I suppose it could be worse, they could have teamed Charlie Chan and Mr. Moto.
November 14th, 2009 at 2:04 pm
This is a book that was published in absolute secrecy, as far as I’m concerned. I’d never heard of this book until I read Ray’s review, and any book with both Holmes and Carnacki in it should have generated some publicity. If it did, it didn’t reach my eyes or ears.
I do see that it got a starred review in BOOKLIST, but Amazon’s reviewers are mixed. They either loved the book or hated it, ending up with an average of 3.5 stars out of five.
As Ray suggests, it’s the supernatural element that’s proved to be the toughest pill for most commenters to swallow.
— Steve
November 14th, 2009 at 2:57 pm
You can hardly do Carnaki without the supernatural, and it isn’t as if Holmes hasn’t gone there before — notably in Loren D. Esteleman’s works where he encounters Dr. Jekyl and Mr. Hyde and Dracula.
And keep in mind, while the explanation is always non supernatural Doyle teased us with vampires and spectral hounds as well as those mentions of worms unknown to science, giant Sumatran rats, and the sudden disappearance of James Philmore.
There is a small cottage industry of books published by Gary Lovisi (Paperback Parade etc.) where Holmes encounters everyone from Tesla and Lovecraft to the elder gods of the Cthulu mythos.
Not always to my tastes, but certainly well within the tradition of the canon, and as I said if you read a book with Carnaki in it you really don’t have room to complain if the supernatural figures in the plot.
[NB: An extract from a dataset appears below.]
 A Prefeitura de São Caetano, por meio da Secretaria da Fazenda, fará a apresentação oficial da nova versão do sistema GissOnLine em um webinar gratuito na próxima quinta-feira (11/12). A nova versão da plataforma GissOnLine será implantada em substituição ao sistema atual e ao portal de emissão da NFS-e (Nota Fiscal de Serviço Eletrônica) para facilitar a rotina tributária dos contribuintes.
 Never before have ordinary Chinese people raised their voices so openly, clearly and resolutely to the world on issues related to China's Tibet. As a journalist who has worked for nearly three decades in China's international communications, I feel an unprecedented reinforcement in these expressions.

Now if the complaint is that the book is not very good or you just don’t like books with supernatural elements that’s a different kettle of fish, but just because the supernatural is involved, when that is the intent of the author from the beginning, is different.
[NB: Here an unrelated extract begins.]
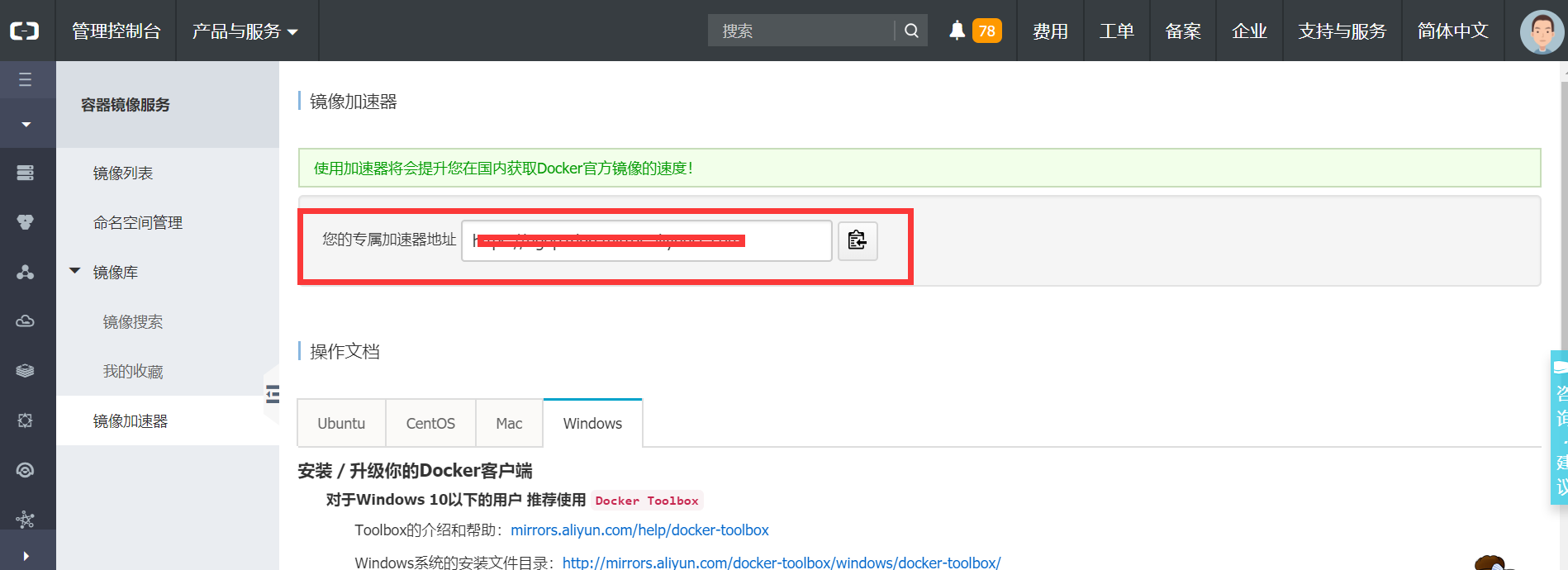 - 阿里云镜像加速:https://cr.console.aliyun.com。 创建自己的专属加速地址:见红色标注部分。

You really can’t buy a western and then be upset because it has cowboys in it.
As for how this slipped by, King seems to be mostly known for gaming related fantasy novels, which is a whole world into itself, with it’s own bestselling and popular writers that many of us have never heard of. You see their books in their own special section of the SF racks at the big chains but if you don’t follow them you may well not see anything about the writers in traditional mystery related outlets of information and pre publication publicity.
It is very much a world unto itself.
November 14th, 2009 at 4:20 pm
I suppose that a reader could pick this book up knowing who Holmes is but not Carnacki, but I also imagine that the blurbs on the jackets flaps would give that same would-be reader some idea what the book’s about.
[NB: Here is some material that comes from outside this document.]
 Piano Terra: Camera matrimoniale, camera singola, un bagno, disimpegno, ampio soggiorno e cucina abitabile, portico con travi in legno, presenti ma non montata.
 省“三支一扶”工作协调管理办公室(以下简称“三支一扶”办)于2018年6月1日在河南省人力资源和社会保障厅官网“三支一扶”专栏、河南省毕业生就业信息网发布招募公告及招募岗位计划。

Here’s one the more negative of the Amazon reviewers:
“This is so far from what writing about Holmes should be, I can’t find enough derogatory words. If you want to read stories much closer to Holmes, postulating his post-retirement life and without supernatural beings, try Laurie King’s novels. But don’t, please don’t waste your money on this book.”
Here’s a positive one:
“King does an amazing job here of perfectly capturing the essence of a Sherlock Holmes story while not getting bogged down with out-of-date language or scenery. The story begins at the ‘final’ confrontation between Holmes and Moriarty at Reichenbach Falls (thus the name of the book) and carries us on from there.”
As I said, the reviewers on Amazon loved it or hated it, with seven giving it a 4 or a 5, and four giving it a 1 or a 2, for a slightly better than average 3.5. Not a single “3.”